A Python repository for generating composite histopathology image patches by stitching two image–mask pairs along organically shaped binary masks.

It supports the two approaches described in our paper "Patch engineering as an effective data augmentation strategy in low-resource annotation algorithm development". (Put link when publicated)

Patch Engineering Approaches

The Generalized Approach producing stitched patches sampled at random or the Targeted Approach producing stitched patches to enrich a dataset with underrepresneted class co-occurences. The Targeted Approach can be configured in two different modes:

  • Targeted_Filter: Provide a list of class co-occurences that you want to produce. Only stitched patches that contain a class co-occurences in that list will be kept.
  • Targeted_Matrix: Generate exactly specified counts for each class–class pairing.

🧭 Choosing a Patch-Engineering Strategy

Typical situation Recommended mode Rationale
You just need more realistic mixed-class patches and don’t know which boundaries are scarce generalized Takes any two random patches → quick, no extra parameters.
You know the boundary the model struggles with (e.g. TUMOR ↔ BENIGN) but exact counts are irrelevant targeted_filter Keeps only stitched patches that contain at least one pair from your filter_pairs; fastest way to up-sample specific boundaries.
You need strict, reproducible counts per boundary (e.g. balanced benchmark) targeted_matrix Generates precisely the quota you define in the upper-triangular matrix.

Quick decision flow

  1. Unsure which transitions are missing?generalized
  2. Know the weak boundaries but fine with “~roughly more” of them?targeted_filter
  3. Need exact numbers per boundary?targeted_matrix

Examples of all modes

Examples of Stitching


📋 Table of Contents

  1. Prerequisites
  2. Configuration
  3. Usage
  4. Examples
  5. License

Prerequisites

  1. Install python packages needed
  1. Unpack BinaryMasks.tar.gz to a location of your choice to use as stitching masks

Configuration

Each parameter lives in config.yaml. Below is a description of every field. We assume that images and masks are in different folders and have the same names except their extensions. Masks are assumed to be .png and images to be .jpg. Otherwise very small code modifications are necessary.

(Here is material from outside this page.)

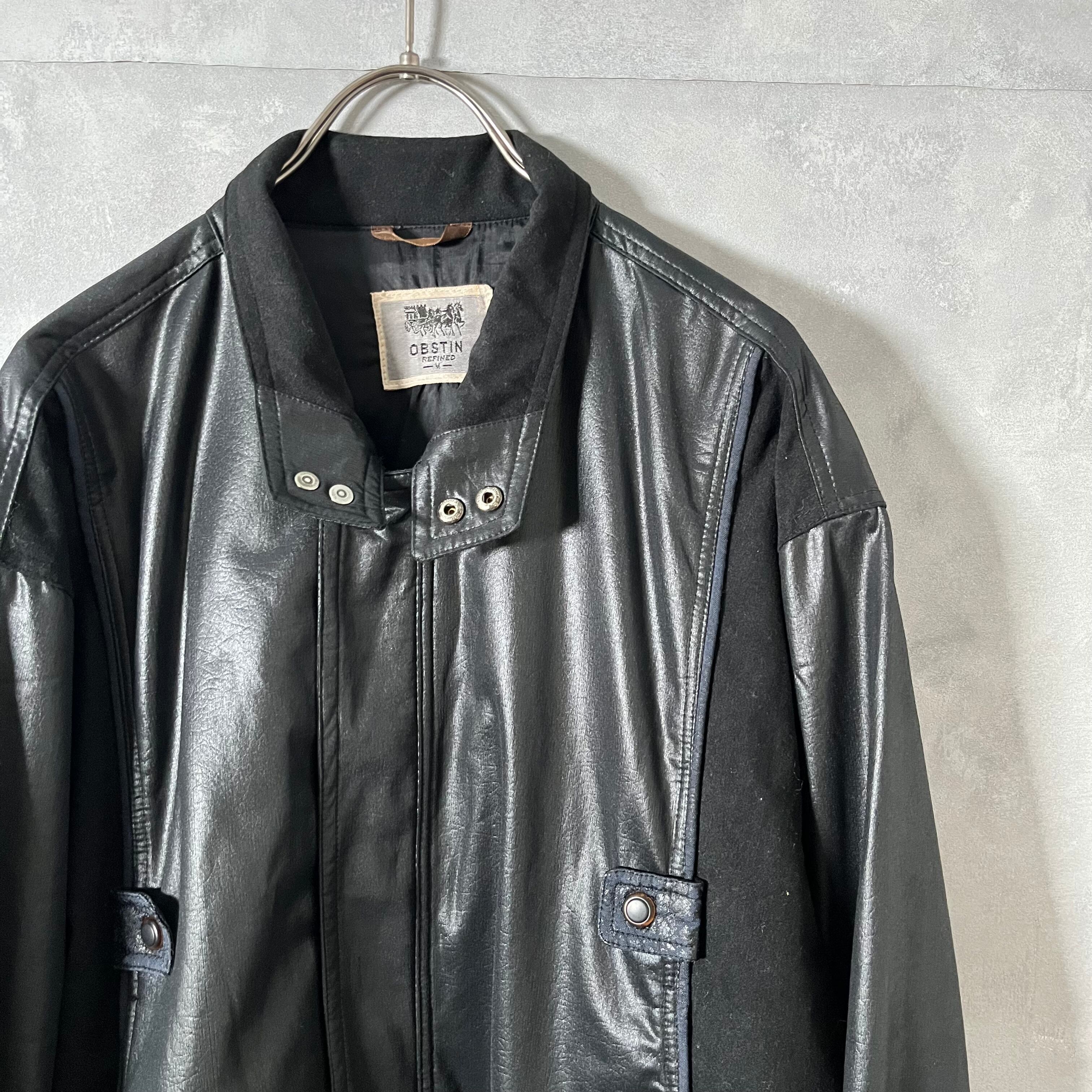 #5374 fakeleather×wool switch design short blouson jacket

Shared parameters (all modes)

Parameter Type Description
mode string Operation mode. One of generalized, targeted_filter, or targeted_matrix.
seed integer Base RNG seed for all sampling, ensuring reproducibility.
cpus list[int] CPU core indices for pinning workers (e.g. [0,1,2]).
m_norm_img string Filepath to a reference image used to fit the Macenko normalizer.
data_root string Root directory containing your training dataset hierarchy.
mask_dir_name string Subfolder under data_root where mask PNGs are stored (default: mask_FINAL).
image_dir_name string Subfolder under data_root for image JPGs (default: image).
stitch_masks string Directory of binary stitch masks used for creating boundaries.
output_dir string Directory where the generated stitched images (image/) and masks (mask_FINAL/) will be saved.
norm_pickle string Optional; path to save/load the fitted Macenko normalizer. Defaults to <output_dir>/macenko_normalizer.pkl.

Generalized mode parameters (mode: generalized)

Parameter Type Description
n_patches integer Number of random stitched patches to generate.

Targeted_Filter mode parameters (mode: targeted_filter)

Parameter Type Description
n_patches integer Number of stitched patches to generate.
filter_pairs list[list[int]] List of 2‑element lists specifying class pairs to include, e.g. [[1,2],[3,4]].
patch_classes_json string Path to JSON mapping mask filenames to their contained class IDs. It will be produced under this file path if not present
exclude_existing boolean Whether patches that already contain one of the desired combinations should be excluded to ensure new combinations being generated

Targeted_Matrix mode parameters (mode: targeted_matrix)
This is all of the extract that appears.